What is expected: Copy each record exactly as it reads, leaving out any pictures it holds.

Working data:
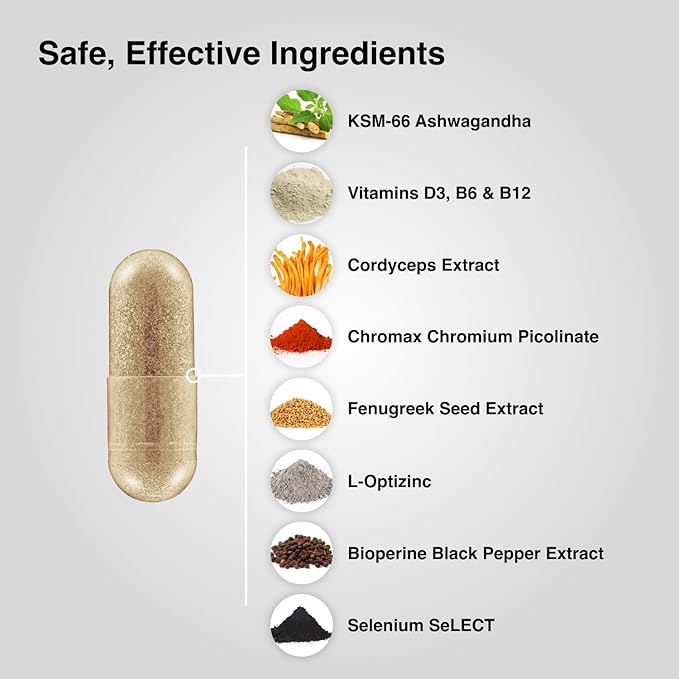 - Premium Ingredients: 600mg KSM-66 Ashwagandha, 200mcg Chromium (from Chromax), 15mg Zinc (from L-Optizinc), 5mg Bioperine, 100mcg Selenium (from Selenium SeLECT) per serving
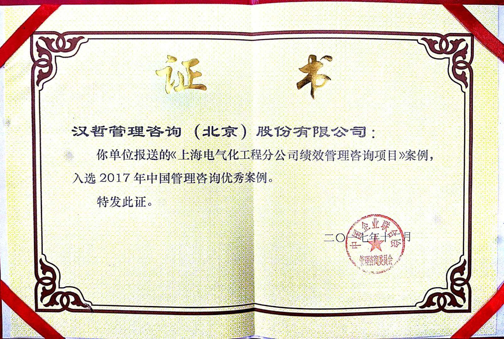 近日接到通知,由伟德国际betvlctor1946管理咨询(北京)股份有限公司完成的中铁电气化局上海分公司绩效管理咨询项目,获得中国管理咨询主管机构-中国企业联合会管理咨询委员会评选的“2017年中国管理咨询优秀案例”。
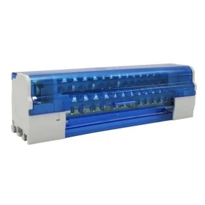 Modułowy blok rozdzielczy UK DTB 215 przeznaczony do dystrybucji przewodów elektroenergetycznych. Mostek oferowany w wykonaniu 2-biegunowym z 15 wyjściowymi jednostkami zaciskowymi. Śruby dokręca się kluczem imbusowym i śrubokrętem PH 2. Mostki rozdzielcze posiadają łatwo otwieralną górną pokrywę wykonaną z przezroczystego tworzywa sztucznego w kolorze niebieskim. Mogą być używane na przykład jako listwa zaciskowa do dystrybucji przewodów zasilających lub jako centralna listwa zaciskowa do mostków N za ochronnikami prądowymi. Sposób montazu na szynie TH 35. Zgodny z normą EN 60947-7-1.
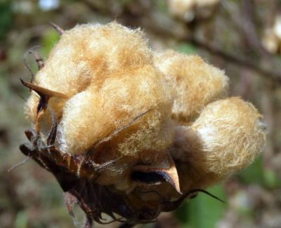 Capsule de cotonnier avec des fibres colorées, Bénin. (© P. Marnotte/Cirad)
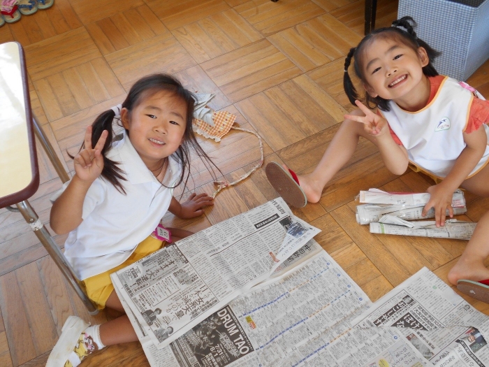 新聞紙で何を作ろうかな?
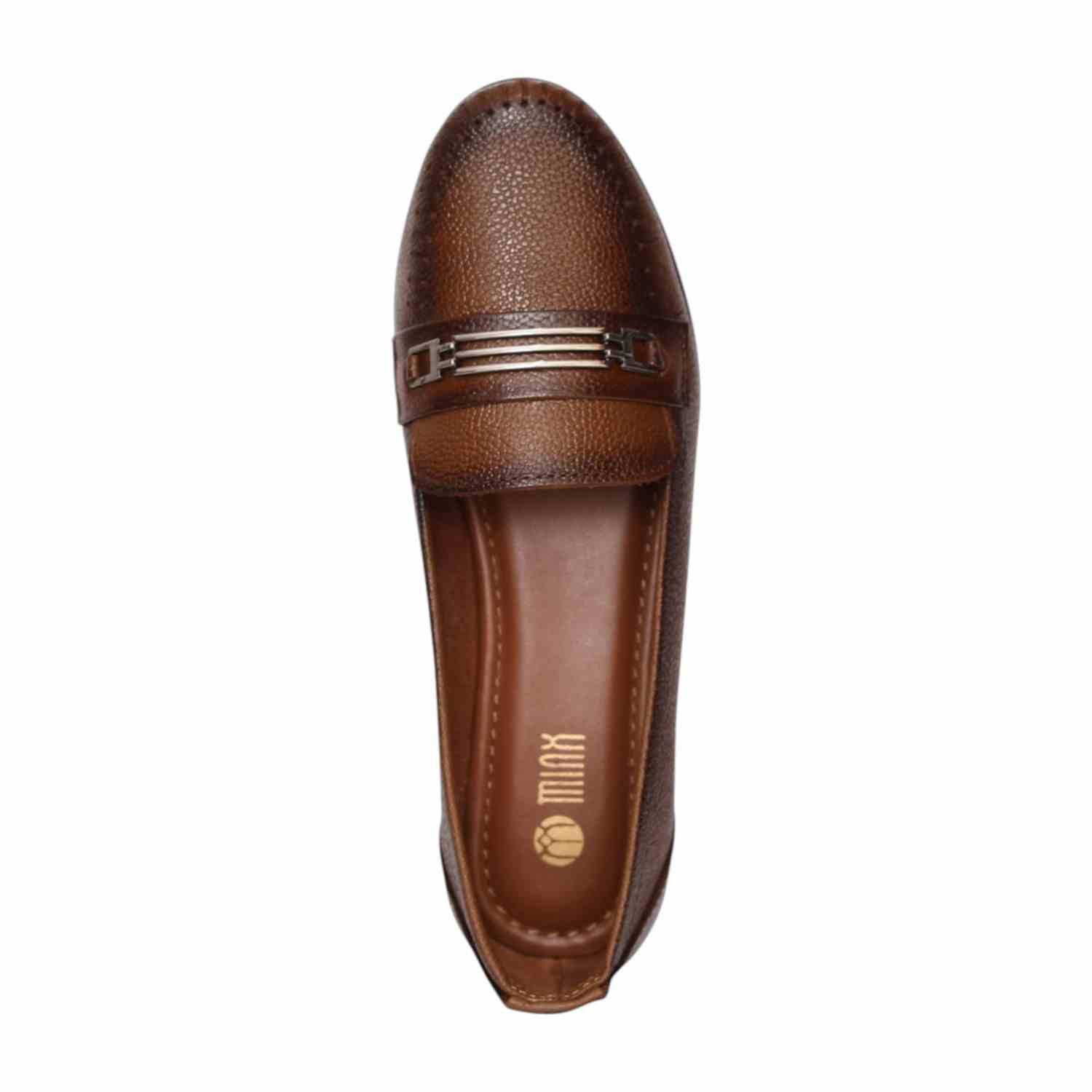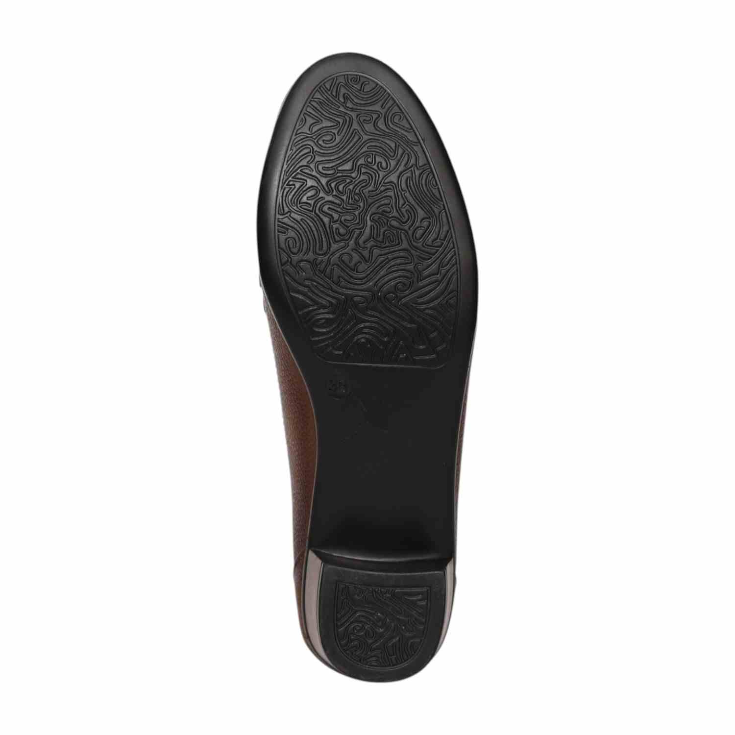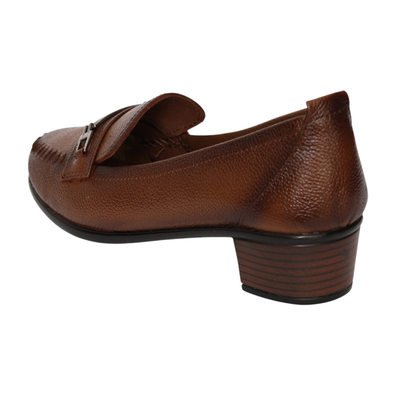 Step into effortless sophistication with these Brown loafer heels, designed to offer a perfect blend of style and comfort. Crafted with a textured finish, these loafers feature a classic slip-on design enhanced with a sleek metallic accent on the upper for a polished look. The round toe silhouette and detailed stitching add a touch of refinement, while the sturdy block heel provides comfortable elevation and stability. Ideal for workwear, formal occasions, or smart casual styling, these versatile loafers are a must-have addition to your wardrobe.
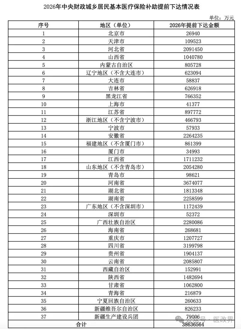 据统计,本次提前下达金额共计约4165.57亿元,其中2026年中央财政城乡居民基本医疗保险补助提前下达约3863.66亿元,提前下达2026年中央财政医疗救助补助资金(城乡医疗救助部分)预算266.86亿元,提前下达2026年中央财政医疗服务与保障能力提升补助资金(医疗保障服务能力建设部分)35.05亿元。
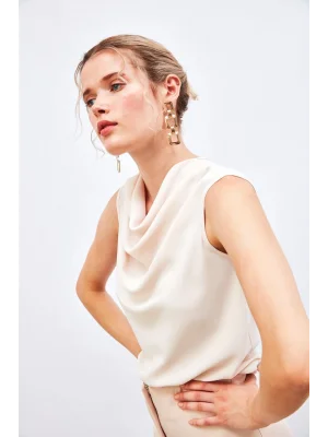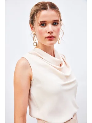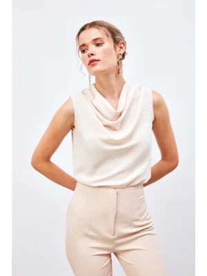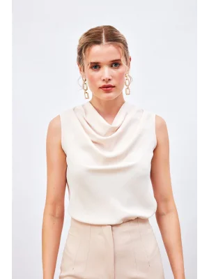 Degaje Yaka Kolsuz Bluz - Ekru
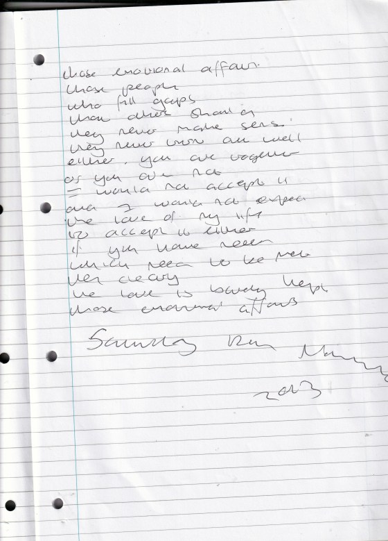 Emotional Affairs – Written Sunday 12th October 2013 (Aged 38)
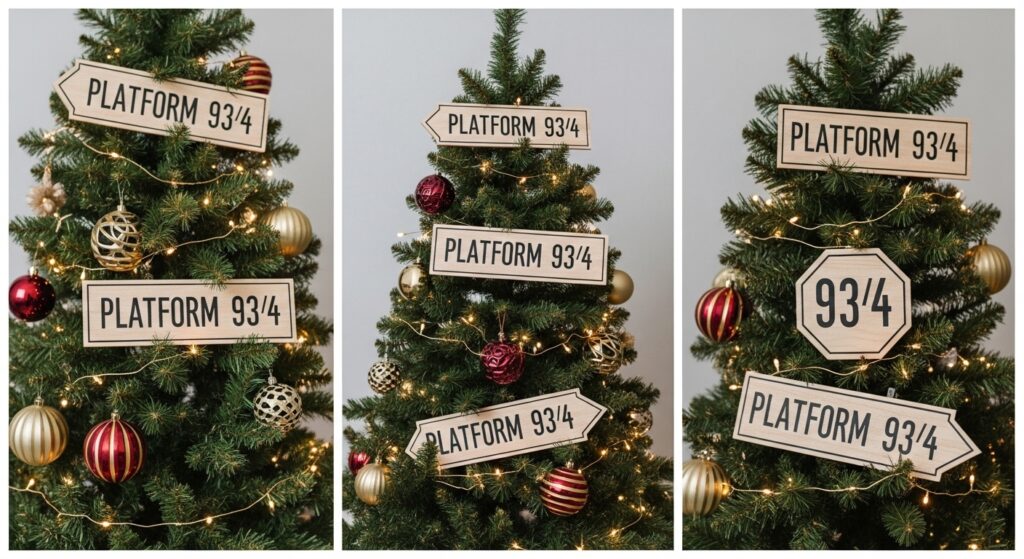 Add miniature Platform 9¾ plaques or train tickets to give your tree that true London-to-Hogwarts vibe.

Written reply:
 - Premium Ingredients: 600mg KSM-66 Ashwagandha, 200mcg Chromium (from Chromax), 15mg Zinc (from L-Optizinc), 5mg Bioperine, 100mcg Selenium (from Selenium SeLECT) per serving
 近日接到通知,由伟德国际betvlctor1946管理咨询(北京)股份有限公司完成的中铁电气化局上海分公司绩效管理咨询项目,获得中国管理咨询主管机构-中国企业联合会管理咨询委员会评选的“2017年中国管理咨询优秀案例”。
 Modułowy blok rozdzielczy UK DTB 215 przeznaczony do dystrybucji przewodów elektroenergetycznych. Mostek oferowany w wykonaniu 2-biegunowym z 15 wyjściowymi jednostkami zaciskowymi. Śruby dokręca się kluczem imbusowym i śrubokrętem PH 2. Mostki rozdzielcze posiadają łatwo otwieralną górną pokrywę wykonaną z przezroczystego tworzywa sztucznego w kolorze niebieskim. Mogą być używane na przykład jako listwa zaciskowa do dystrybucji przewodów zasilających lub jako centralna listwa zaciskowa do mostków N za ochronnikami prądowymi. Sposób montazu na szynie TH 35. Zgodny z normą EN 60947-7-1.
 Capsule de cotonnier avec des fibres colorées, Bénin. (© P. Marnotte/Cirad)
 新聞紙で何を作ろうかな?
 Step into effortless sophistication with these Brown loafer heels, designed to offer a perfect blend of style and comfort. Crafted with a textured finish, these loafers feature a classic slip-on design enhanced with a sleek metallic accent on the upper for a polished look. The round toe silhouette and detailed stitching add a touch of refinement, while the sturdy block heel provides comfortable elevation and stability. Ideal for workwear, formal occasions, or smart casual styling, these versatile loafers are a must-have addition to your wardrobe.
 据统计,本次提前下达金额共计约4165.57亿元,其中2026年中央财政城乡居民基本医疗保险补助提前下达约3863.66亿元,提前下达2026年中央财政医疗救助补助资金(城乡医疗救助部分)预算266.86亿元,提前下达2026年中央财政医疗服务与保障能力提升补助资金(医疗保障服务能力建设部分)35.05亿元。
 Degaje Yaka Kolsuz Bluz - Ekru
 Emotional Affairs – Written Sunday 12th October 2013 (Aged 38)
 Add miniature Platform 9¾ plaques or train tickets to give your tree that true London-to-Hogwarts vibe.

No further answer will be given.